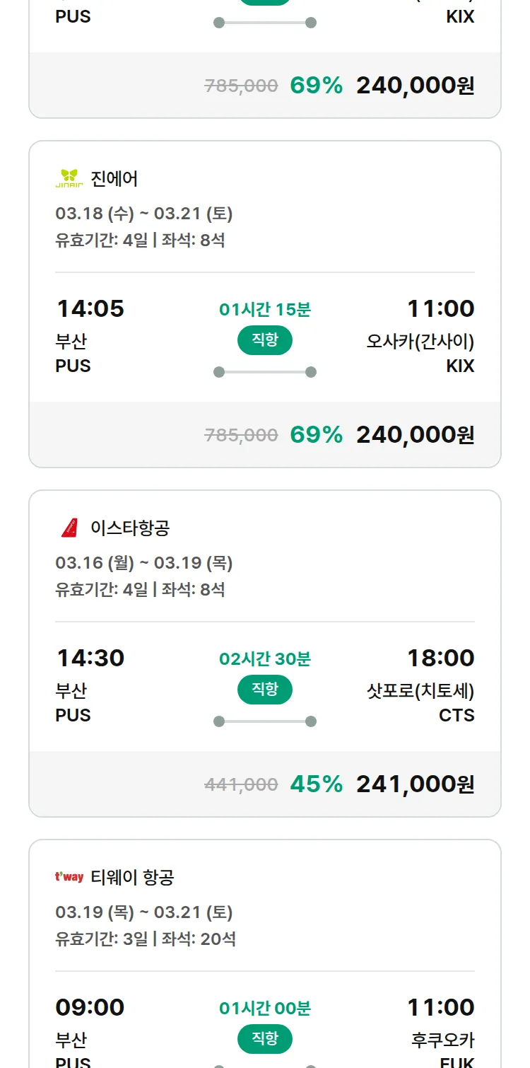 (2월 16일(월)) 모두투어 일본 특가 항공권
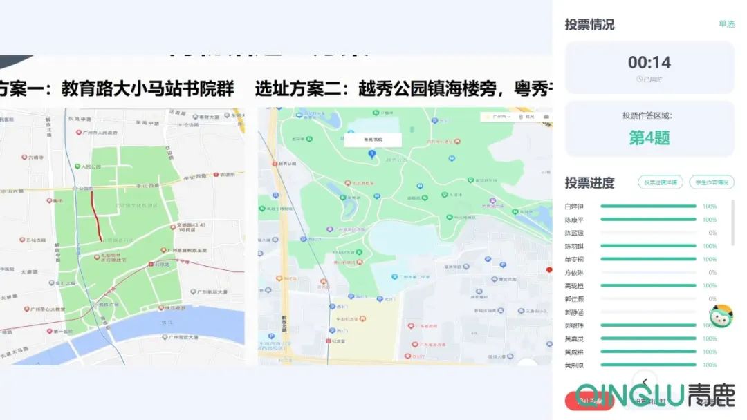 在成果分享與交流的過程中,同學(xué)們還通過青鹿智慧紙筆的投票功能,給各小組提出的展廳設(shè)計方案、博物館選址方案進(jìn)行投票,增強(qiáng)學(xué)生間的互動交流,營造出愉悅輕松的課堂氛圍。
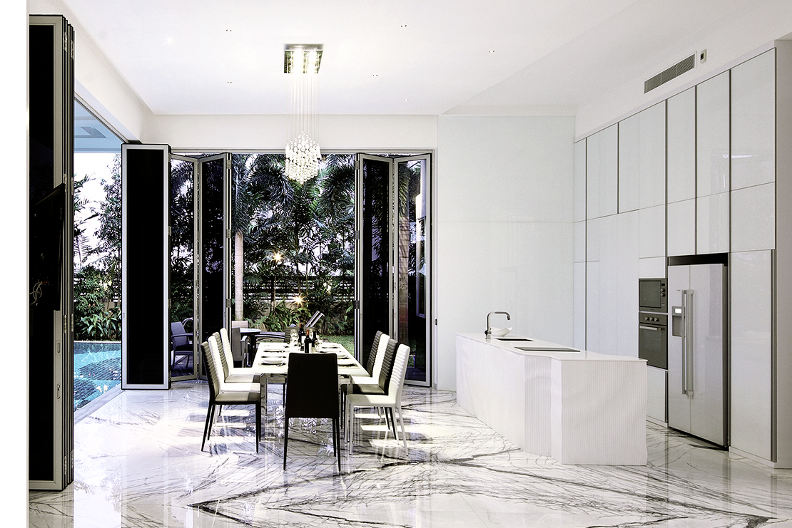 At Tai Yuan Heights, this six bedroom, six bathroom bungalow was transformed into a serene retreat inspired by the calmness and purity of falling snow. Over six months, the design sought to create a cool escape from Singapore’s tropical climate — a tranquil sanctuary where light, form, and texture come together in harmony.
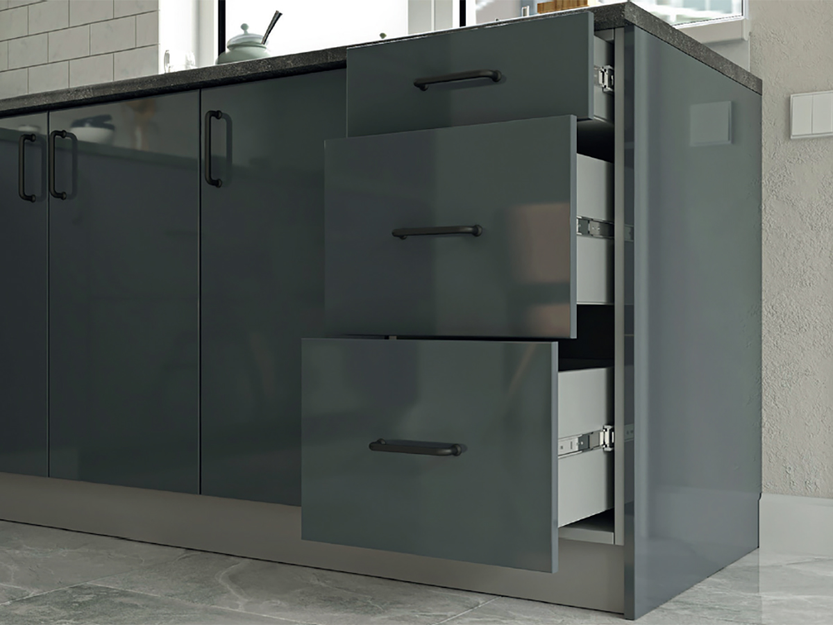 - нижні секції доповнюються регульованими ніжками. За бажанням їх закривають суцільним цоколем.
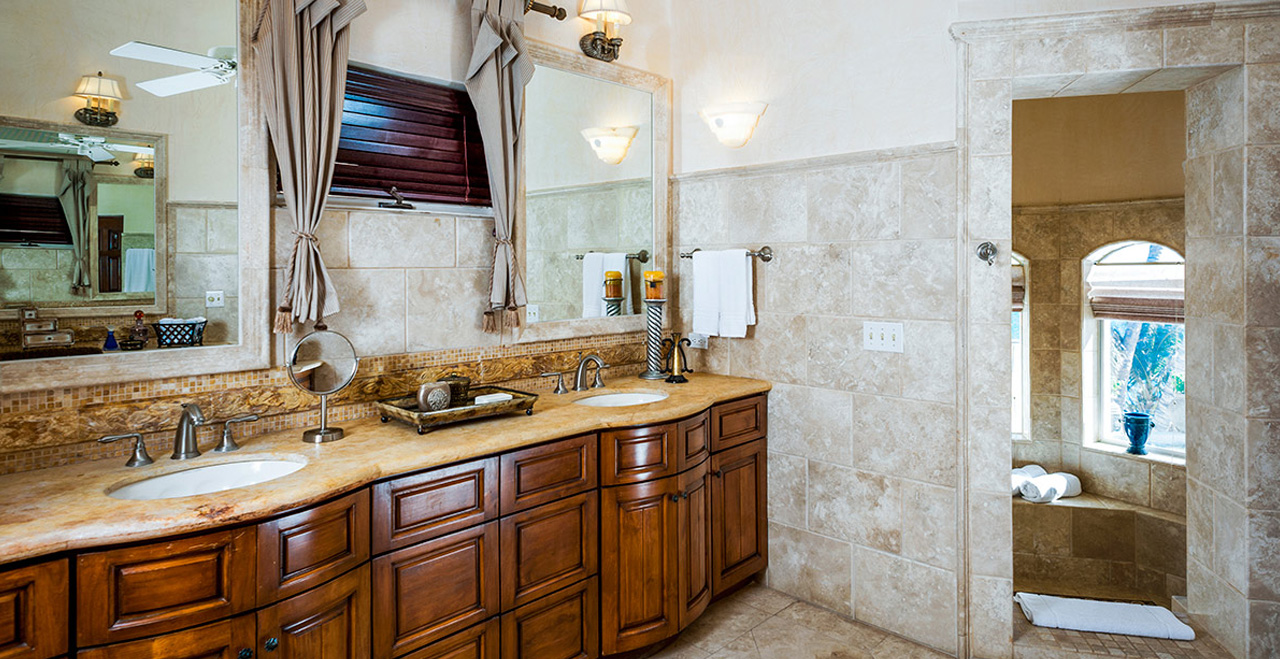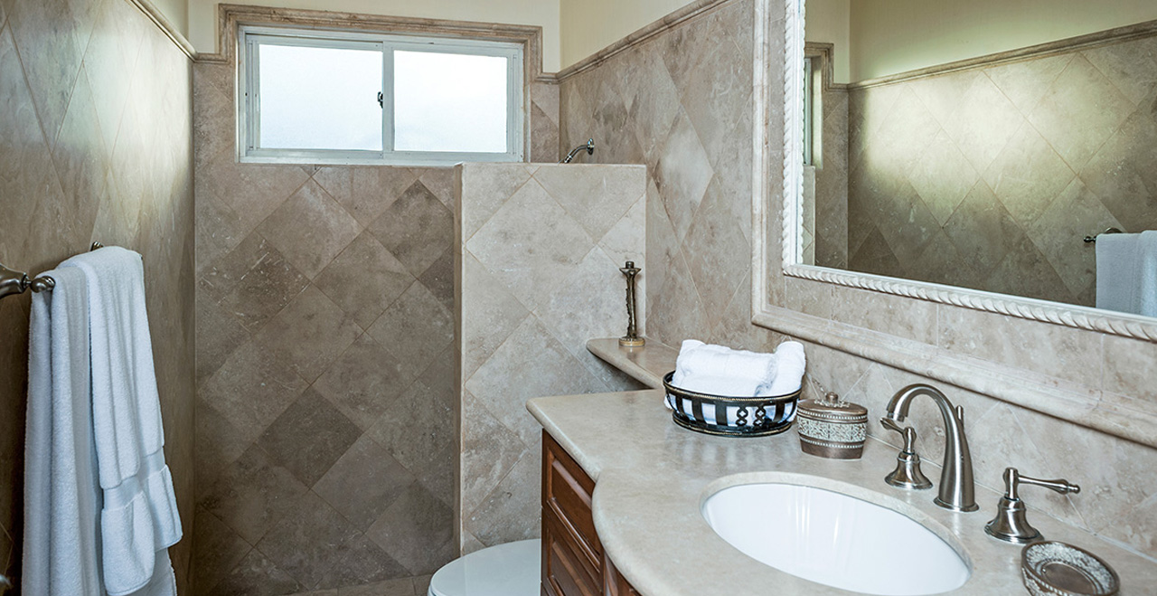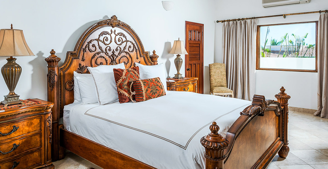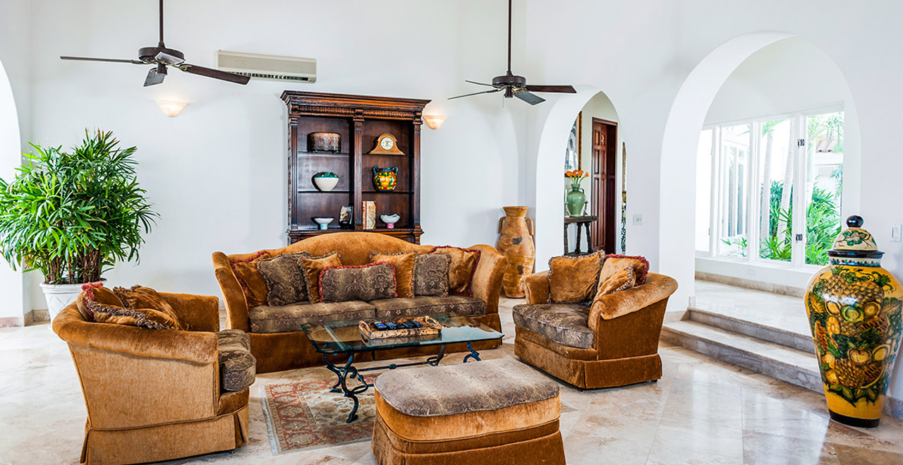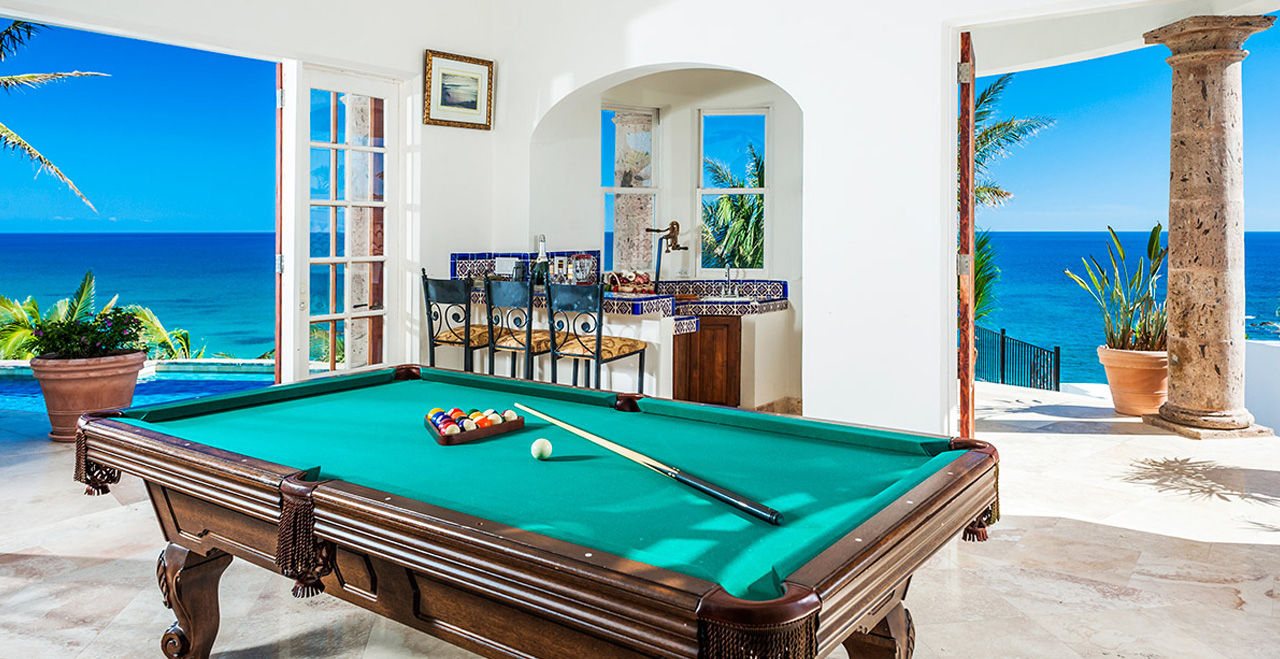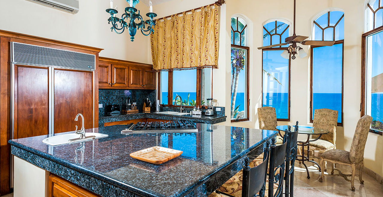 A billiard room and bar are surrounded by French doors that open to the pool area. Air conditioning with individual controls is in all rooms. A long corridor offers lush views of tropical vegetation in the wall courtyard. There is a fully furnished gourmet kitchen with granite counter tops and modern appliances, like a commercial-grade Viking stove and Sub-zero refrigeration. If you prefer, the services of a chef can be arrange to handle your food preparation.

= = =

*PROBLEM DETAILS*.
Write out the records exactly. Do not carry the pictures over.

*YOUR RESPONSE*.
 (2월 16일(월)) 모두투어 일본 특가 항공권
 在成果分享與交流的過程中,同學(xué)們還通過青鹿智慧紙筆的投票功能,給各小組提出的展廳設(shè)計方案、博物館選址方案進(jìn)行投票,增強(qiáng)學(xué)生間的互動交流,營造出愉悅輕松的課堂氛圍。
 At Tai Yuan Heights, this six bedroom, six bathroom bungalow was transformed into a serene retreat inspired by the calmness and purity of falling snow. Over six months, the design sought to create a cool escape from Singapore’s tropical climate — a tranquil sanctuary where light, form, and texture come together in harmony.
 - нижні секції доповнюються регульованими ніжками. За бажанням їх закривають суцільним цоколем.
 A billiard room and bar are surrounded by French doors that open to the pool area. Air conditioning with individual controls is in all rooms. A long corridor offers lush views of tropical vegetation in the wall courtyard. There is a fully furnished gourmet kitchen with granite counter tops and modern appliances, like a commercial-grade Viking stove and Sub-zero refrigeration. If you prefer, the services of a chef can be arrange to handle your food preparation.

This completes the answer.